Sundays at the Cemetery
When I was growing up, Sundays afternoons, after mass, were reserved for a family outing. Many families in the neighborhood would go to the beach, a ball game, or visit the relatives. Dad used to take us to visit the relatives too – with one minor difference. They were all dead! I know this might sound a bit bizarre, but we all have our quirks.
The Kampfschultes had lived in the area for 75 years and being German, they all went to the German parish, St. Mary’s on what was known as the West Side of town. They all they were all buried at the same cemetery affiliated with St. Mary’s which was Mount Calvary. Dad to his everlasting regret, moved to the south end of town, where my mom grew up, to please her, when they got married. Many Sundays, he would make the pilgrimage back to the West Side, with us in tow.

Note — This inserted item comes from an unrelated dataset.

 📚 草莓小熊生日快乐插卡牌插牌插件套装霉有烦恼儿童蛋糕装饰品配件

We never went directly to the cemetery. The route wound past all the old family homes, and the neighborhood where my dad grew up in on the circuitous route to Mt. Calvary. The last place we always went by before reaching the promised land was the local A and P where Dad never tired of saying he worked there for a dollar a day and of course was glad to get it.

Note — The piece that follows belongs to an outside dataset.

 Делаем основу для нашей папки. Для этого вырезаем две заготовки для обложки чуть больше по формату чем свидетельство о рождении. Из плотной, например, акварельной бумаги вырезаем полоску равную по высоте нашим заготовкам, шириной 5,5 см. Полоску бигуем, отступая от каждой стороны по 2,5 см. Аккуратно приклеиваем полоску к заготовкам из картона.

I was the caboose in the family and by the time I came along Dad’s parents were safely interned at Mt. Calvary along with most of their generation. They were just names to me – that is until I was old enough to go on the Mt. Calvary tour. We would park the car and start our hike among the gravestones, with Dad narrating a story of each relative we passed along the way, mixed in with a history of the times. There were Dad’s infant cousins who died in the 1918 flu epidemic and his eccentric Aunt Clara, who lived with them for a while when times were tough in the Depression. Close by was my infamous Uncle Frank who had a poker game in his basement six nights a week. He reserved the seventh night to spend time with his wife. After she died, the game moved up to the kitchen and it went seven nights a week. Of course he made his own brew during Prohibition. The list of the relatives and the stories that went with them were endless. There was always a humorous antidote attached to each one.

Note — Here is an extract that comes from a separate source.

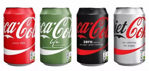 可口可乐旗下的四款产品:原味可口可乐、可口可乐Life(Coca-cola Life)、零度可乐(Coca-cola Zero Sugar)和健怡可乐(Diet Coke)

Dad had a well deserved reputation for being frugal. Taking the family to the cemetery for a Sunday afternoon outing, only added to that reputation. In retrospect, it did save him a few pennies, but more importantly it gave him a chance to connect us with a previous generation. Right along with the Uncle Frank stories there were the stories of how close the family was, how they constantly helped each other out, and how everyone was accepted for who they were. Above all how much fun they had even in the depths of the Depression. The constant thread was that family is number one priority. Those gravestones and the stories that went with them served as guideposts for me when raising my own family many years later.
I must confess I did it with my own kids, although not quite so frequently, when they were younger. One difference was that my wife insisted that I stop for an ice cream cone on the way home, so the frugal memory would not be as strong with my kids as it was with me. Something must have stuck, because just last week my adult son called up and said next time he came to town he wanted to go to the cemetery. The stories and the location of the gravestones were starting to fade and he didn’t want to lose them. The beat goes on! That is why I believe in Sundays at the cemetery!